Важного рассуждения заслуживает то, что ныне морская война становится гораздо обыкновеннее,
Европа, может быть, должна почитать себя благополучною, что деспотическая власть не допустила турков завести коммерции. Турецкий монарх имеет столько земель в Европе, что может равняться оными и сильнейшему своему соседу. Сверх того, имеет он Сирию, Египет и Малую Азию. Войско его равняться может с войском царей персидских. Воины его храбры и в воинской науке научены уже от христианина, коего отечество сделало собою недовольным. Остаток жидовской к вере ревности и учение о неизбежной судьбине привлекает их бежать без печали и во исступлении на неизбежную смерть. Если бы турки имели коммерции, если б были у них флоты, приличнее величине земли их, и если б было у них столько денег, сколько людей, то Европа в великой бы была опасности. Коммерции не в наши еще времена начали быть страшными. Когда император Карл VI выиграл баталию при Белграде, то не беспокоилась Европа о завоеваниях, кои потом могли последовать; но когда хотел он привести в состояние Ост-Индскую купеческую компанию, то угрожали ему со всех сторон, опасаясь той силы, которую могут ему коммерции доставить. О, если бы хотели мы проникнуть в разум слов, произносимых нашими предками: коммерция есть душа государства. Может быть, сие сказано было тогда и рано, но ныне сие правило находит свое совершенное употребление и распространение, ибо купечество не только есть жизнь народов, но и здравие государства. Можно думать, что народ, имеющий одни купецкие торги, приведет всех под свое иго; словом, полновесие коммерции и государственной силы есть единое.

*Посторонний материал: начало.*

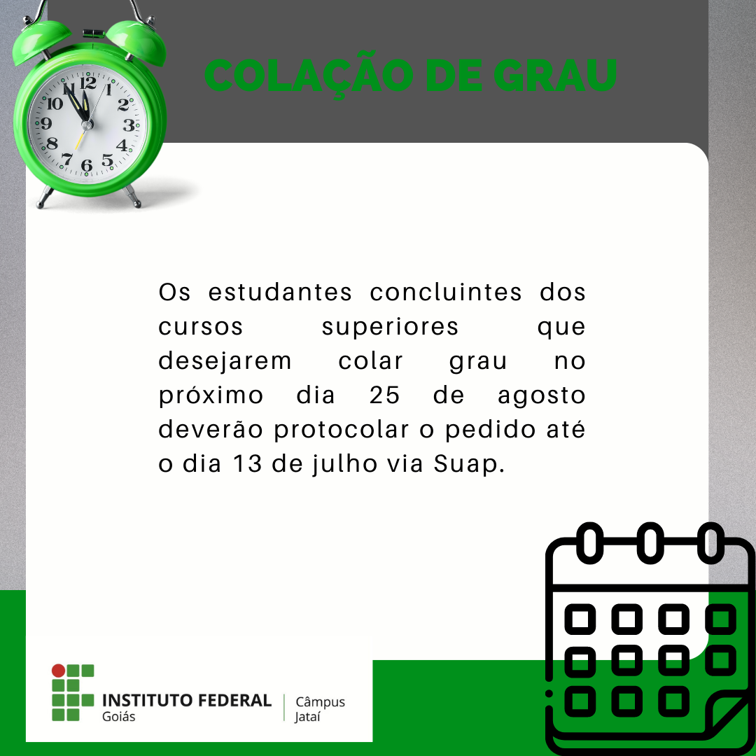 O Câmpus Jataí do Instituto Federal de Goiás (IFG) alterou por meio de resolução do concâmpus a data limite para solicitação de colação de grau para o dia 13 de julho. Os...
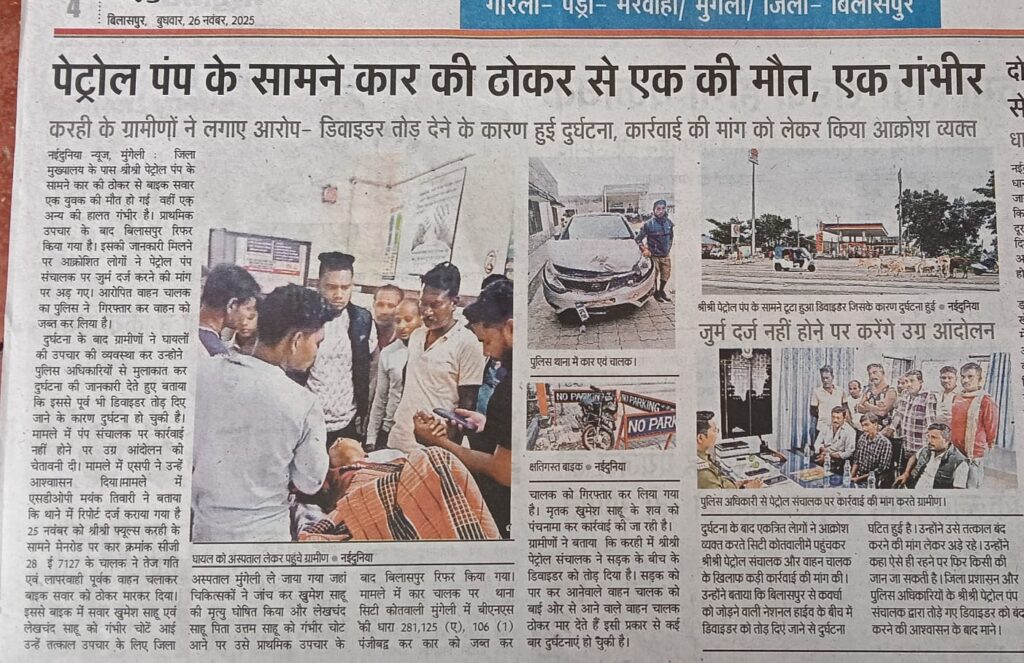 मुंगेली। मुंगेली–बिलासपुर मार्ग श्री पेट्रोल पंप के ठीक सामने अनैतिक रूप से डिवाइडर तोड़ देने के बाद दुपहिया वाहनों की आवाजाही से कुछ दिनों पूर्व एक युवक की मौत हो जाने के बाद कल यानी 9 जनवरी की शाम जिला प्रशासन की पूरी टीम ने स्वयं खड़े होकर देर रात तक पीडब्ल्यूडी के अधिकारियों, ठेकेदार से डिवाइडर बंद कर किसी आगामी घटना को रोकने काम किया गया मगर रात 1.30 बजे अचानक पेट्रोल पंप के संचालक और कर्मचारियों द्वारा बंद किए डिवाइडर को रातों रात तोड़ कर पुनः डिवाइडर ब्रेक कर मार्ग खोल दिया गया।
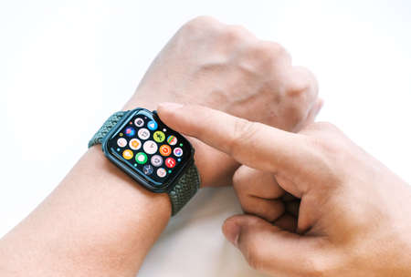 Close up hand using smart watch, Apple Watch with bokeh background : Bali Indonesia 4 Maret 2021
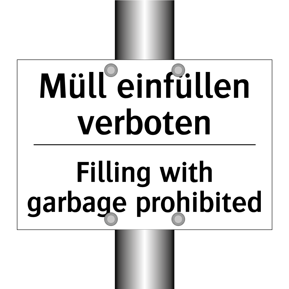 Zweisprachiges Verbotsschild mit deutschem Text Müll einfüllen verboten und englischem Text Filling with garbage prohibited
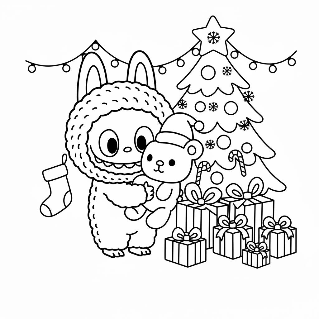 Divertido dibujo de Labubu con su osito de peluche, ideal para que los niños coloreen durante las fiestas.
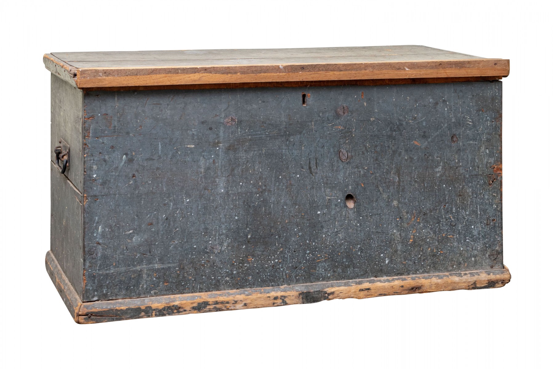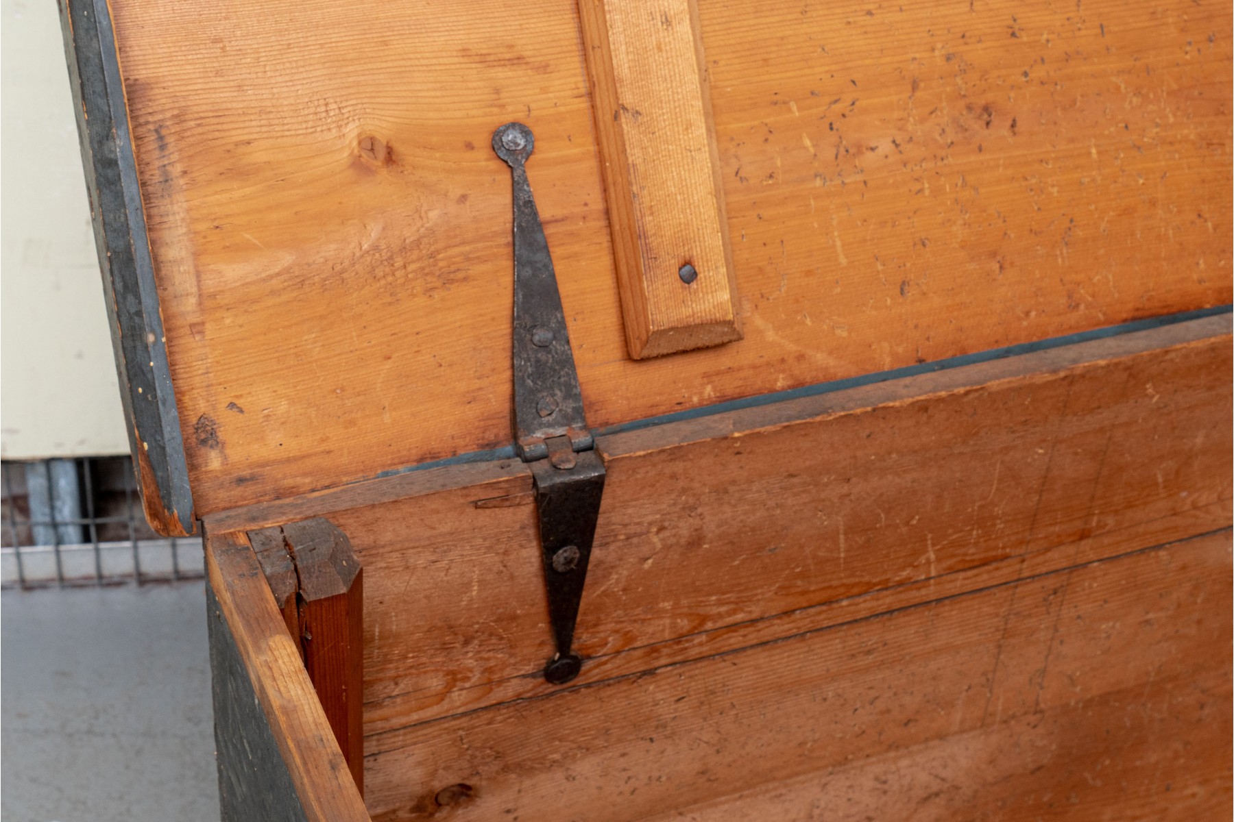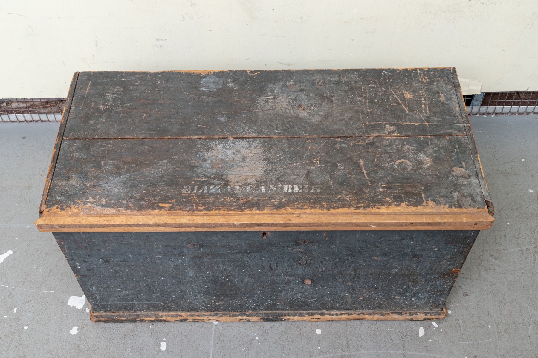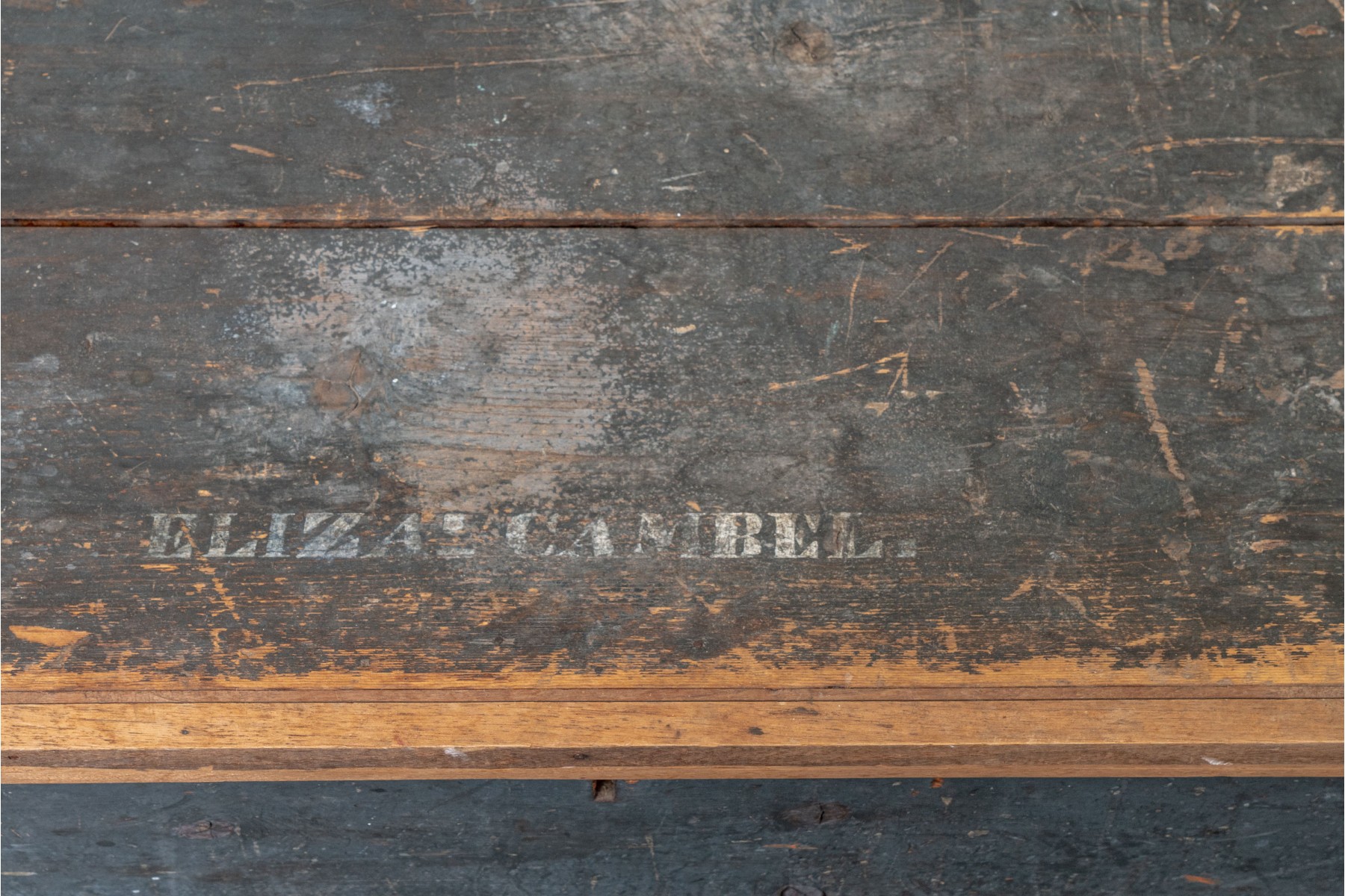 A 19th century blanket chest with remnants of blue paint and traces of the name Eliza L. Cambell. Lid lifts on iron hinges.

Если о нынешнем состоянии Европы хотя мало рассуждать будем, то легко найдем, что коммерции стали душою государственных интересов и равновесием свободных сил. Уже не составляют они упражнение только приватных людей, но почитаются государственною наукою. Они стали, конечно, тем и благородны, что составляют основание величества государственного и благополучия народного.
При всем том спрашивают еще с гордым видом, можно ли честь найти в коммерциях и прилично ли в оных дворянам упражняться? Купечество не должно оскорбляться от вопроса, невежеством произнесенного. Сие самое невежество спрашивает и о том еще, прилично ли дворянину без повреждения чести сидеть на стуле, лилиями украшенном, и давать правый суд согражданам. Сей дворянин, исчисляя своих предков, не исчисляя заслуг их, убегает как возможно от всякия службы, кроме военной. Когда любви достойная нация будет и благоразумнейшею! И вы, благородные герои, извлекающие меч на врагов своих, не мните, чтоб хотел я затмевать ваше сияние: вы защищали пост свой, собирали остатки компании и во множестве врагов своих сражались; признаюсь, что тем честь себе вы приобрели; но если в самое то время юнейший брат ваш пойдет в ярящееся море и во время недостатка достанет нам пропитание, если сыщет руду золотую, обогащающую целую провинцию, то менее ли славы он тогда заслужит? Он вам дворянство ваше оставляет и своего от себя тем не отвергает. Для чего ж вам любезно дворянство, меч извлекающее, которому вы всем на свете жертвуете? Может быть, для того, что оно заслуживает то претерпенными опасностями и пролитием крови. Без сомнения, весьма похвально страдать и умереть за свое отечество, но не думайте и того, чтоб не имело купечество своих трудов, опасности и самых сражений. Когда купечество в средине наших городов спокойно процветает и не предлагает вам ничего, храбрости вашей достойного, то морские коммерции по большей части причиняют народное блаженство. Тамо найдете вы мели, бури и морских разбойников и можете пролить благородным образом на войне кровь свою для насыщения вашея храбрости. Сухой путь никогда не представит вам случая к толь великим предприятиям. Сколько много мечей уже обнаженных и сколь много таких, кои еще обнажены будут? Мореплаватель, торгующий капер сносит все времена года, идет во все страны света и на все дерзает; он непрестанно устремляется к добыче и презирает труды и самую смерть.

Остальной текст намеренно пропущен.